In 1892, Henry Perky, a lawyer from Denver, traveled to Watertown, New York, and along with William Ford, discovered a process to press wheat shreds into biscuits. He called them Shredded Wheat. They were bought out by the National Biscuit Company in 1928, a company now known as Nabisco.

Wheaties were created accidentally in 1921. A Minneapolis health theorist name Mennenberg spilled gruel on a hot stove and found it made a crisp wheat flake. Washburn Crosby Company, later known as General Mills, bought the rights and introduced Wheaties in 1924. General Mills introduced a corn-puff cereal called Kix in 1937, and a ring-shaped oat cereal named Cheerioats in 1941; their name was changed to Cheerios in 1945.

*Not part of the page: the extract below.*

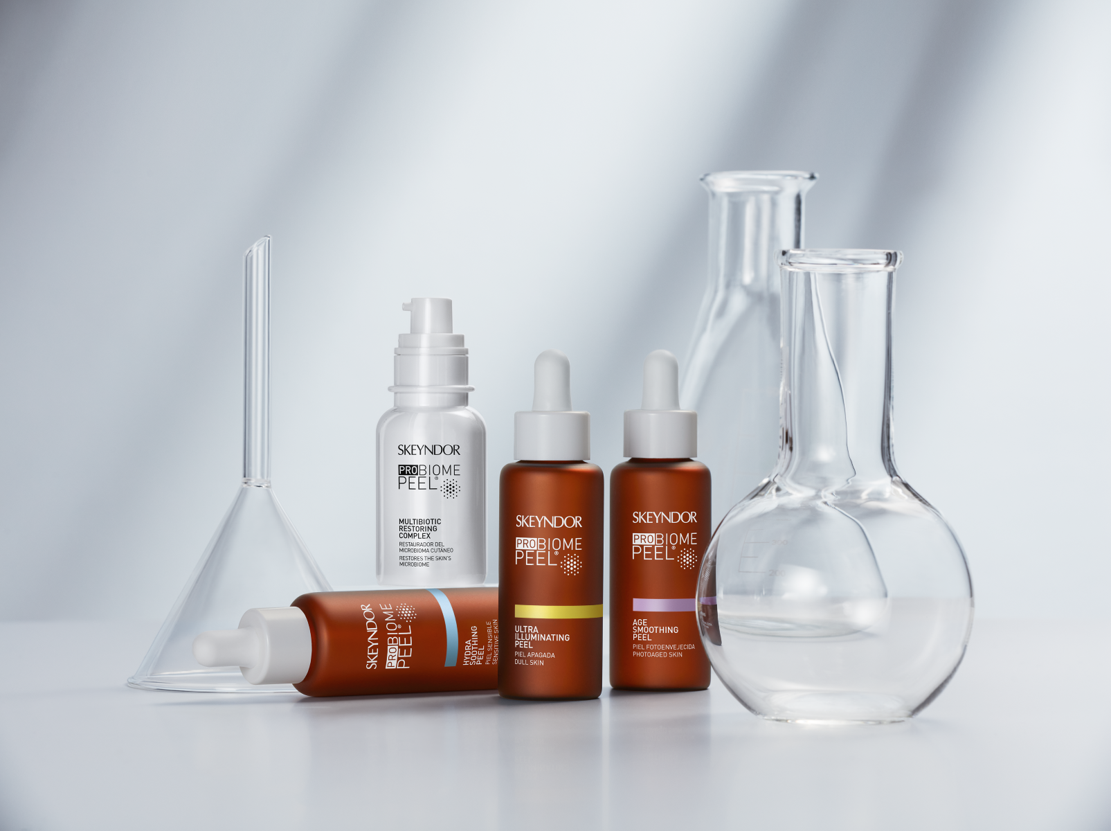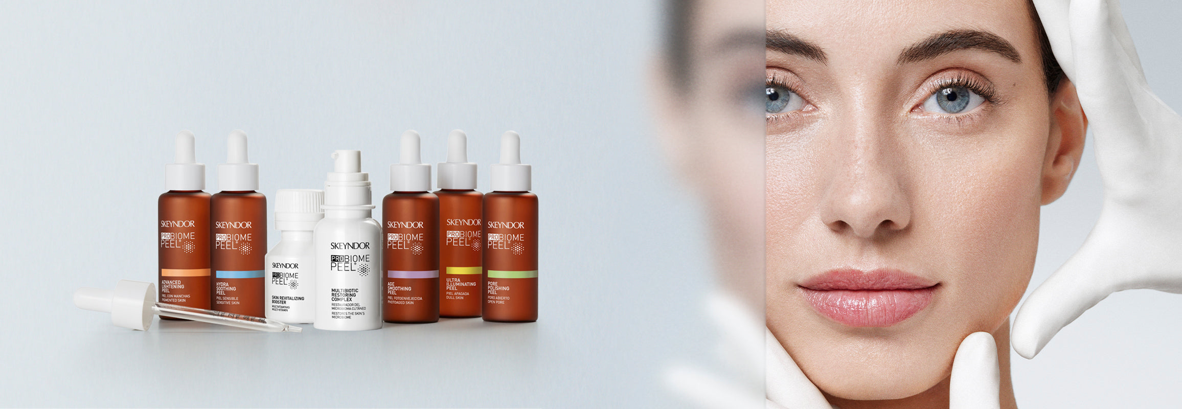 PROBIOME PEEL, die professionelle Linie für chemische Peelings mit fortschrittlicher Pflege, die die Hautregeneration beschleunigt und das Hautmikrobiom wiederherstellt.

Shredded Ralston may not be a familiar breakfast cereal name today, but that is the original name of Wheat Chex, introduced by the Ralston Purina Company of St. Louis in 1935. They were followed by Rice Chex in 1950, and by Corn Chex in 1958.

The first sweetened cereal, Ranger Joe Popped Wheat Honnie, was introduced in 1939, and the idea of cereal as solely a health food changed. This began the trend of sweetened cereals being marketed to children. Radio and television ads began being used to popularize cereal, and cartoon characters were introduced. Some cereals were also named after cartoon or movie characters, such as Count Chocula and Frankenberry.

In the 1960s, breakfast cereals began being criticized for having little nutritional value on their own, and vitamins and minerals began being added. Sugar in children's cereals was also cut back. There also was an increase in interest in natural grain cereals—those without cane sugar or additives. Although, a lot of them did have honey, brown sugar, raisins, or other dried fruit.

About half of Americans start their day with a bowl of cereal. Annual sales of breakfast cereal are 7.7 billion dollars, and 2.7 billion boxes of cereal are sold each year. With so much cereal being eaten, it is only fitting that there is a day to celebrate it!

How to Observe National Cereal Day

Celebrate the day by eating cereal! Try sampling some of the best breakfast cereals of all time. Eat cereal plain, have it with milk, or use it to make something, such as Rice Krispies Treats. If there ever was a day to eat cereal for every meal, this is it!